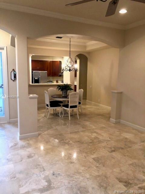 ONE STORY corner villa with den on quiet cul-de-sac. NEW ROOF. 5 year old energy efficient A/C and 3 year old water heater. Hurricane shutters for all windows and doors. Immaculate condition with marble floors and Corian kitchen counter tops in the kitchen. Over-sized backyard. Short walk to lovely community pool. Two (2) dogs allowed with breed restriction. Beautiful Clubhouse contains a gym, tennis courts, etc. A full service luxury community convenient to the Beach, restaurants and shopping.
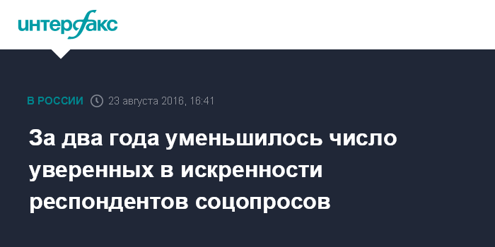 Москва. 23 августа. INTERFAX.RU - За последние два года снизилась доля тех, кто считает, что люди всегда отвечают честно на вопросы интервьюеров - с 27% в 2014 году до 10% сейчас. О том, что респонденты "кривят душой", сказали 69% россиян (50% ранее). Каждый пятый затруднился с ответом (21%).
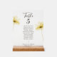 Nom du Mariage floral Numéro du tableau Signes acryliques dégivrés. Ajoutez une touche d'élégance moderne à votre réception de mariage avec ces Mariages floraux sophistiqués Noms d'invités Numéro de table Signes acryliques dégivrés. Chaque enseigne élégamment décorée présente un délicat motif floral et affiche le numéro de table en haut en gras et en caractères élégants, suivi des noms des invités, des noms des couples et de la date du mariage. Parfaitement positionnées sur un élégant support en bloc de bois, ces cartes de séjour minimalistes et design apportent une touche de sophistication et une touche de charme rustique à votre décoration mariage.
========================
> EXERCISE AIM:
Repeat the data word for word; drop the pictures.

> SOLUTION TO THIS PROBLEM:
 ONE STORY corner villa with den on quiet cul-de-sac. NEW ROOF. 5 year old energy efficient A/C and 3 year old water heater. Hurricane shutters for all windows and doors. Immaculate condition with marble floors and Corian kitchen counter tops in the kitchen. Over-sized backyard. Short walk to lovely community pool. Two (2) dogs allowed with breed restriction. Beautiful Clubhouse contains a gym, tennis courts, etc. A full service luxury community convenient to the Beach, restaurants and shopping.
 Москва. 23 августа. INTERFAX.RU - За последние два года снизилась доля тех, кто считает, что люди всегда отвечают честно на вопросы интервьюеров - с 27% в 2014 году до 10% сейчас. О том, что респонденты "кривят душой", сказали 69% россиян (50% ранее). Каждый пятый затруднился с ответом (21%).
 Nom du Mariage floral Numéro du tableau Signes acryliques dégivrés. Ajoutez une touche d'élégance moderne à votre réception de mariage avec ces Mariages floraux sophistiqués Noms d'invités Numéro de table Signes acryliques dégivrés. Chaque enseigne élégamment décorée présente un délicat motif floral et affiche le numéro de table en haut en gras et en caractères élégants, suivi des noms des invités, des noms des couples et de la date du mariage. Parfaitement positionnées sur un élégant support en bloc de bois, ces cartes de séjour minimalistes et design apportent une touche de sophistication et une touche de charme rustique à votre décoration mariage.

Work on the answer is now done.